Tara holds three Bachelor degrees: a first class honours in History, alongside qualifications in Literature and Communication and Professional Education (passed with distinction). She also has three Masters Degrees: a Research Masters in history (passed with distinction), a Master of Letters in Cultural Studies and a Masters of Education (with first class honours). She also holds a Doctor of Philosophy. At the end of 2001, she gained a Graduate Diploma in Internet Studies, again attained with Distinction. She is currently working on her higher doctorate, a Doctor of Letters, from the University of Western Australia.
She is the author of eleven books: Tracking the Jack - A retracing of the Antipodes (Sydney: University of New South Wales Press, 2000), Ladies who Lunge: Celebrating Difficult Women (Sydney: University of New South Wales Press, 2002), Digital Hemlock: Internet education and the poisoning of teaching (Sydney: University of New South Wales Press, 2002), Liverpool of the South Seas: Perth and its popular music (Perth: UWA Press, 2005), From Revolution to Revelation: Generation X, popular memory, cultural studies (Aldershot: Ashgate, 2005), Playing on the periphery: sport, identity and memory (London: Routledge, 2006), The University of Google: education in the (post) information age (Aldershot: Ashgate, 2007), The revolution will not be downloaded: dissent in the digital age (Oxford: Chandos, 2008), Thinking Popular Culture: war, writing and terrorism (Aldershot: Ashgate, 2008,) Popular Music: Topics, trends and trajectories (London: Sage, 2011) and Digital Dialogues and Community 2.0: After Avatars, Trolls and Puppets (Oxford: Chandos, 2012).
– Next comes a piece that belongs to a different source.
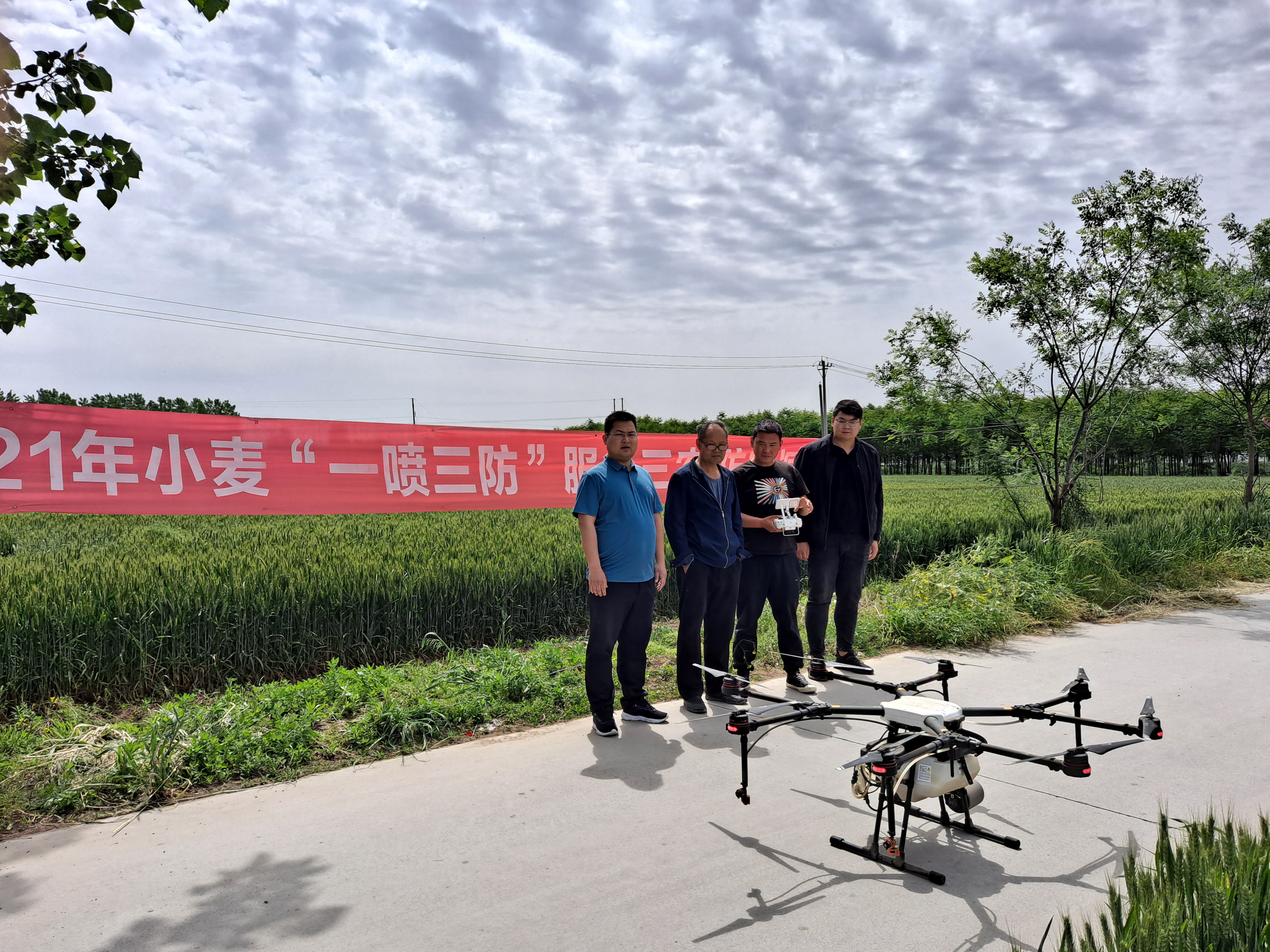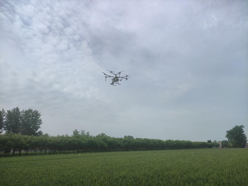 無人機(jī)植??蓪?shí)現(xiàn)農(nóng)藥自動(dòng)定量、精準(zhǔn)控制、低量噴灑,增加農(nóng)藥對農(nóng)作物的穿透性,農(nóng)藥使用效率大幅提升,同時(shí)也減少了農(nóng)藥對土壤和環(huán)境的污染,有效實(shí)現(xiàn)“雙降” 。公司工作人員與項(xiàng)城市農(nóng)業(yè)農(nóng)村局植保站經(jīng)過協(xié)調(diào)溝通,調(diào)用了無人機(jī)進(jìn)行補(bǔ)噴,助力該合作社2021 年小麥“一噴三防”全面覆蓋工作完成。此舉得到了鄉(xiāng)鎮(zhèn)政府和種植戶一致好評。

A series of books are in differing stages of the publication cycle. She has completed a book on information literacy, titled Digital Dieting: Managing Information Obesity, which is currently under review. An edited collection, City Imaging: Regeneration, Renewal, Decline is similarly under review. Tara is in the final stages of completing What would Brian Eno do? Sonic Media for New Times and is writing Understanding Cultural Studies for Sage through 2012.
Tara is author of over one hundred refereed articles and book chapters, alongside journalistic works, including for the Times Higher Education and Sri Lanka's Montage magazine in The Observer. Tara is also the Director of the Popular Culture Collective.
Community and public service remains integral to Tara’s portfolio of interests. This commitment to public education and media literacy resulted in Tara being a finalist for the 2005 Australian of the Year and the 2005 Telstra Businesswoman of the Year in the Community Service category. In 2009, Tara was nominated for the Australian Woman of the Year in the UK.